(Data records)
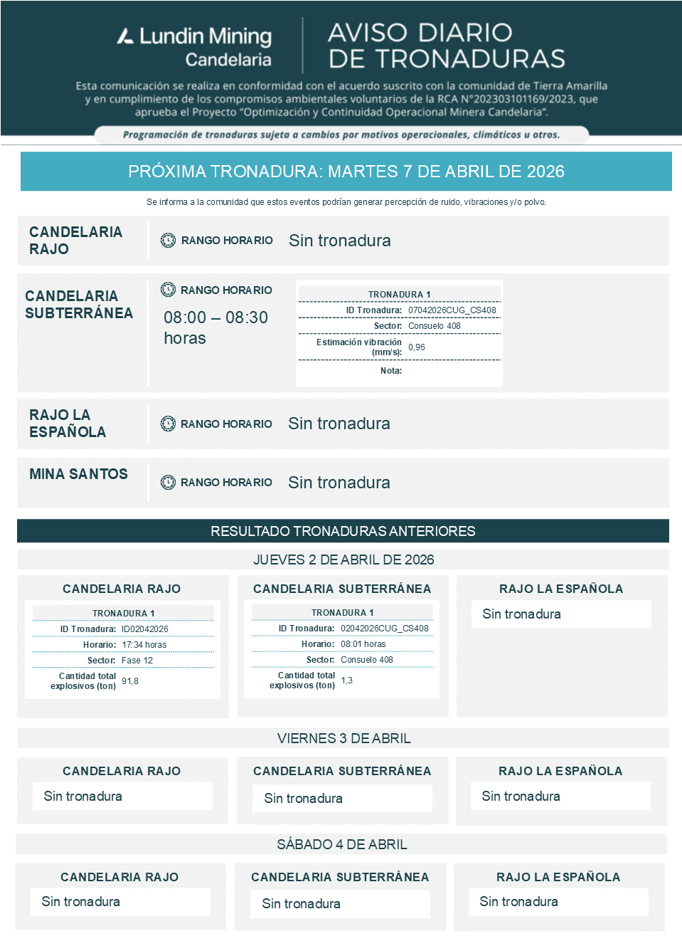 INFORMATIVO DE TRONADURAS DISTRITO CANDELARIA / MARTES 7 DE ABRIL DE 2026
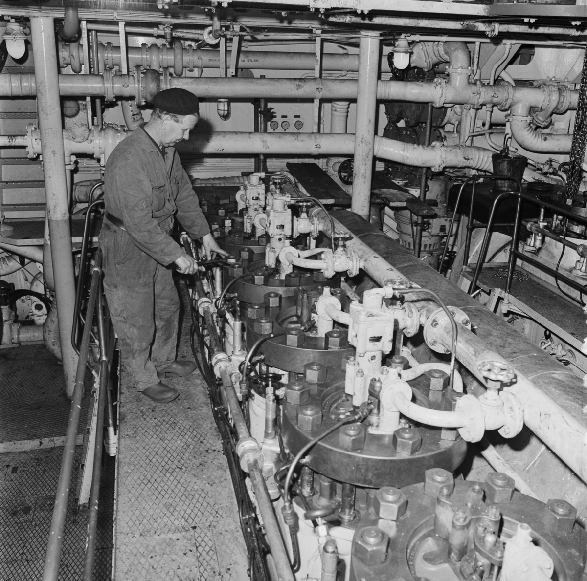 Personal i arbete på isbrytaren Thule. Maskinrum o propeller
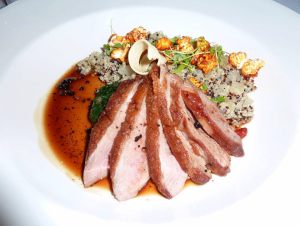 From there it was time for mains and while my two other dining companions both went for the beef, I couldn’t go past the Duck breast, quinoa, silverbeat, goji berries, pepper, caramel ($42.00). Again, their presentation is really lovely, albeit I was slightly bemused by the inclusion of popcorn in my upmarket meal. I suspect its one of the new ‘in’ things….. like micro herbs and chocolate soil. But hey texturally, the popcorn did work well with the quinoa, and both had been well seasoned. On to the duck it was cooked to pink perfection, just melted in your mouth. Very nice. I really enjoyed my mains.
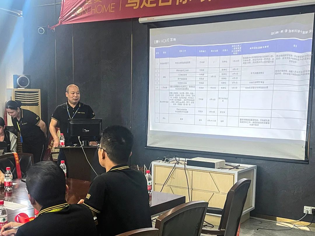 大家激情澎湃的喊出宜奥家居的口号,为本次东莞展会项目启动会拉开序幕,紧接着由周珊老师给大家介绍了这次展会的参展项目与项目人员分配等事项。
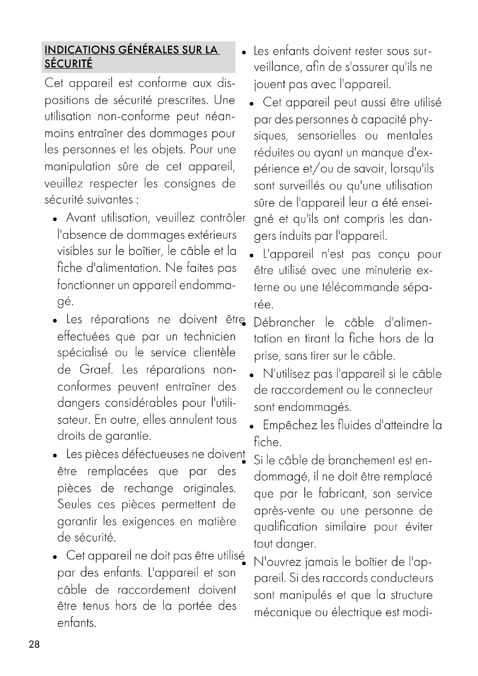 SÉCURITÉ Cet appareil est conforme aux dis- positions de sécurité prescrites. Une utilisation non-conforme peut néan- moins entraîner des dommages pour les personnes et les objets. Pour une manipulation sûre de cet appareil, veuillez respecter les consignes de sécurité suivantes: ● Avant utilisation, veuillez contrôler l'absence de dommages extérieurs visibles sur le boîtier, le câble et la fiche d'alimentation. Ne faites pas fonctionner un appareil endomma- gé. ● Les réparations ne doivent être effectuées que par un technicien spécialisé ou le service clientèle de Graef. Les réparations non- conformes peuvent entraîner des dangers considérables pour l'utili- sateur. En outre, elles annulent tous droits de garantie. ● Les pièces défectueuses ne doivent être remplacées que par des pièces de rechange originales. Seules ces pièces permettent de garantir les exigences en matière de sécurité. ● Cet appareil ne doit pas être utilisé par des enfants. L'appareil et son câble de raccordement doivent être tenus hors de la portée des enfants. ● Les enfants doivent rester sous sur- veillance, afin de s'assurer qu'ils ne jouent pas avec l'appareil. ● Cet appareil peut aussi être utilisé par des personnes à capacité phy- siques, sensorielles ou mentales réduites ou ayant un manque d'ex- périence et/ou de savoir, lorsqu'ils sont surveillés ou qu'une utilisation sûre de l'appareil leur a été ensei- gné et qu'ils ont compris les dan- gers induits par l'appareil. ● L'appareil n'est pas conçu pour être utilisé avec une minuterie ex- terne ou une télécommande sépa- rée. ● Débrancher le câble d'alimen- tation en tirant la fiche hors de la prise, sans tirer sur le câble. ● N'utilisez pas l'appareil si le câble de raccordement ou le connecteur sont endommagés. ● Empêchez les fluides d'atteindre la fiche. ● Si le câble de branchement est en- dommagé, il ne doit être remplacé que par le fabricant, son service après-vente ou une personne de qualification similaire pour éviter tout danger. ● N'ouvrez jamais le boîtier de l'ap- pareil. Si des raccords conducteurs sont manipulés et que la structure mécanique ou électrique est modi-29
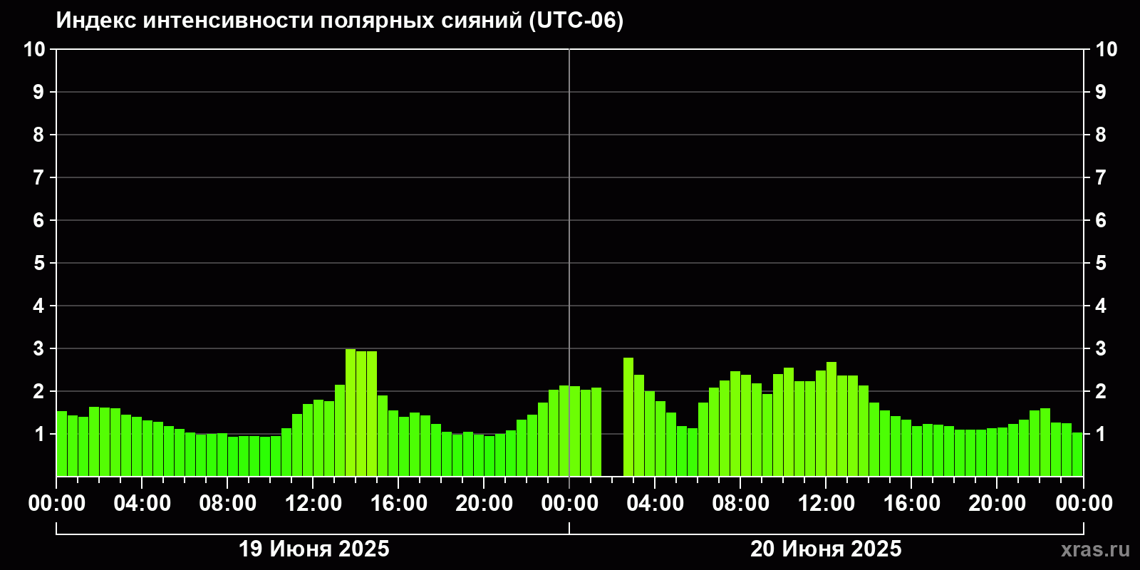 Изменения индекса интенсивности полярных сияний с 2025-06-19 по 2025-06-20 по местному времени
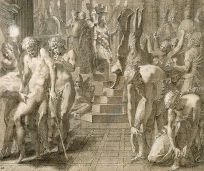 Die Maskerade von Persepolis. Zeichnung von Francesco Primaticcio, bekannt als Der Primatice (1504-1570)(The Persepolis Masquerade. Drawing by Francesco Primaticcio known as The Primatice (1504-1570))Francesco Primaticcio |
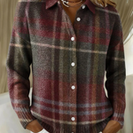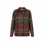 La blouse Emily a une palette de teintes rouges profondes, de vert mousse et de brun chaud. Le motif à carreaux lui donne un aspect calme et équilibré. Les boutons blancs et le col classique assurent une finition intemporelle.
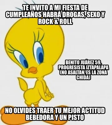 Create Te Invito A Mi Fiesta De Cumpleaos Habr Drogas Sexo Y Rock Roll No Olvides Traer Meme
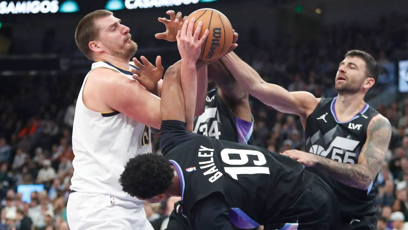 Nem volt könnyű dolguk Nikola Jokicséknak a sötét mezes Utah ellen (Fotó: Getty Images)

_What you will do:_ Include the first line of the records, the line containing "Personal i arbete", and every line between them, repeated exactly. Skip the pictures.

_Expected output:_
 INFORMATIVO DE TRONADURAS DISTRITO CANDELARIA / MARTES 7 DE ABRIL DE 2026
 Personal i arbete på isbrytaren Thule. Maskinrum o propeller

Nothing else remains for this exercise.